A Christmas Carol, review: Stephen Mangan is an entertaining grump as a Scrooge with daddy issues

It can certainly be said of the Old Vic that they know how to do Christmas. Matthew Warchus’s Dickensian charmer, returning for a fifth year, is an immersive treat from the off: audience members are handed mince pies and satsumas, and entertained by an accordion-led band, while Victorian top-hatted actors do a merry jig. But this socially conscious show ensures you eat your vegetables, too. Thankfully, it has the nous to introduce its Brussels sprouts from the ceiling on mini parachutes (in a joyful feast scene), and to accompany its lectures with transporting music.

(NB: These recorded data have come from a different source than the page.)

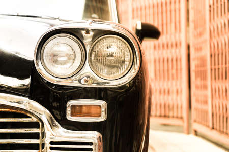 Headlight of the old beautiful car on the background of a concrete wall.Side view. Copy space. Concept banners repair, sale of cars. Close-up.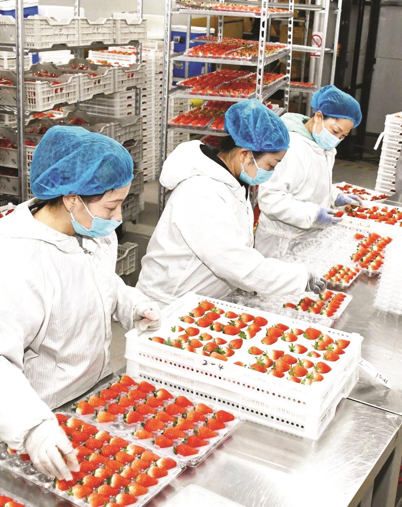 走进包装车间,只见工作人员正手法娴熟地包装着新鲜草莓。一颗颗新鲜草莓经过分拣、打包,将通过冷链运输,跨越山海,奔赴全球各地,与世界共享来自乌兰察布的“莓”好与甜蜜。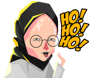 Aisya, a cheerful girl in a hijab and glasses, laughs heartily with 'HO! HO! HO!' speech bubbles, expressing joy and humor.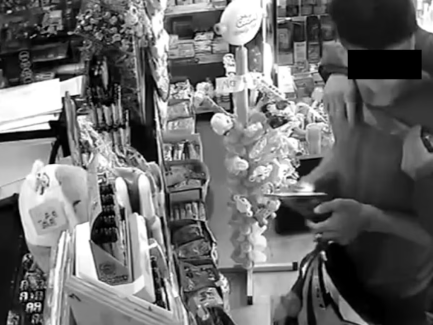 Los asaltantes sustrajeron mercadería, celulares y dinero en efectivo. En las imágenes del hecho puede observarse cómo el ladrón armado se llevó cajas de bombones y extrajo el teléfono celular del bolsillo de la víctima, quien permaneció inmóvil ante la amenaza.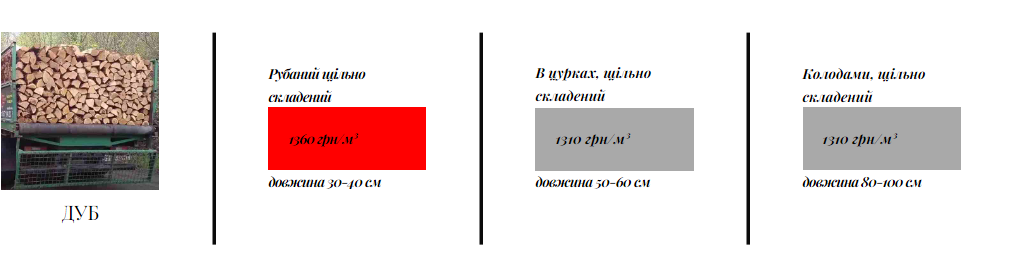 - дуб — 1310 грн за 1 м куб. складений колодами, або ж 1360 грн — за рубані дрова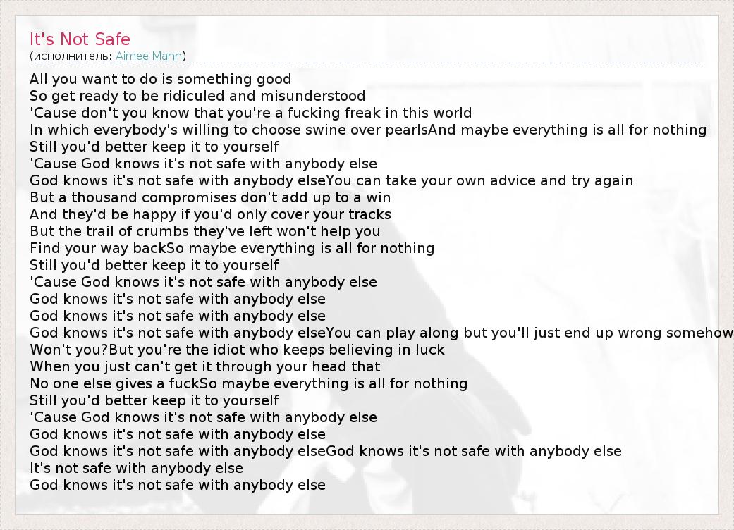 А как ты думаешь, о чем песня "It's Not Safe" ?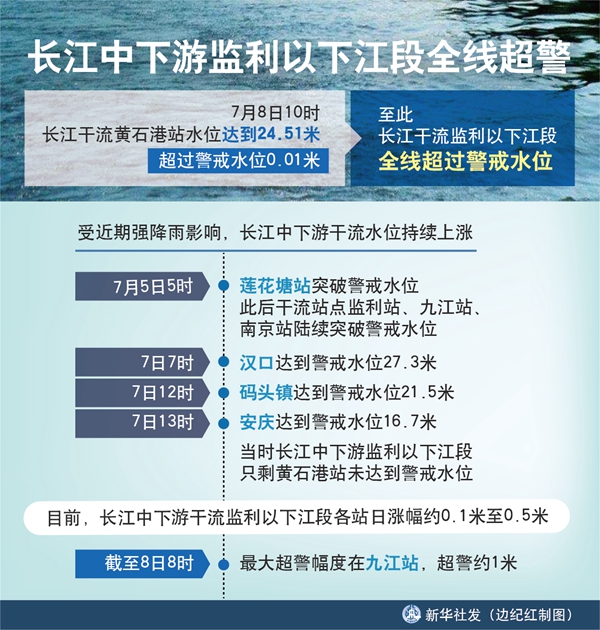 新华社武汉7月8日电(记者李思远、乐文婉)8日10时,长江干流黄石港站水位达到24.51米,超过警戒水位0.01米。至此,长江干流监利以下江段全线超过警戒水位。

Rather like Doctor Who, the production’s lead constantly regenerates. It began in 2017 with Rhys Ifans as Scrooge, succeeded by Stephen Tompkinson, Paterson Joseph and Andrew Lincoln. The latest incarnation is Stephen Mangan, who looks the part with his shock of white hair and stooped form in a threadbare dressing gown. However he’s more grumpy than truly intimidating. When told that he’ll be visited by three spirits, he wryly mutters, “I’d rather not be.”

Yet Mangan stresses that Scrooge sees himself as a realist. He believes in his worldview and is determined not to learn any lessons, nor to accept responsibility. He’s like a corrupt CEO trying to wriggle out of liability.

It means the journey to redemption is shortened – this Scrooge isn’t monstrous, just misguided – but fits well enough with Jack Thorne’s tender-hearted adaptation. As with the current vogue for Hollywood films depicting villains’ tragic origin stories, Thorne’s Scrooge is shaped by childhood trauma. Yes, this miser has daddy issues, namely an abusive, drunken, debt-ridden father who yanks him out of school to earn money. Before Scrooge can save Tiny Tim, he must first heal his own inner child.

It gives Dickens’s tale an effective psychological framework and interestingly complicates the happy ending. Redemption has still to be earned, and Scrooge’s realisation is, in one respect, tragically too late: he’s missed the chance to have a family. The most poignant moment comes when he tracks down former sweetheart Belle (an excellent Karen Fishwick) and reflects on what might have been.

The trade-off is fewer supernatural chills. Jacob Marley makes a terrifying entrance, dragging his endless chain down the catwalk-style stage. However, the subsequent ghosts are more eccentric therapists nudging Scrooge towards his breakthrough. Warchus does create some spine-tingling moments, though, with the striking of the hour and a wildly swinging lantern, and by cloaking the final spirit so that we can imagine the worst.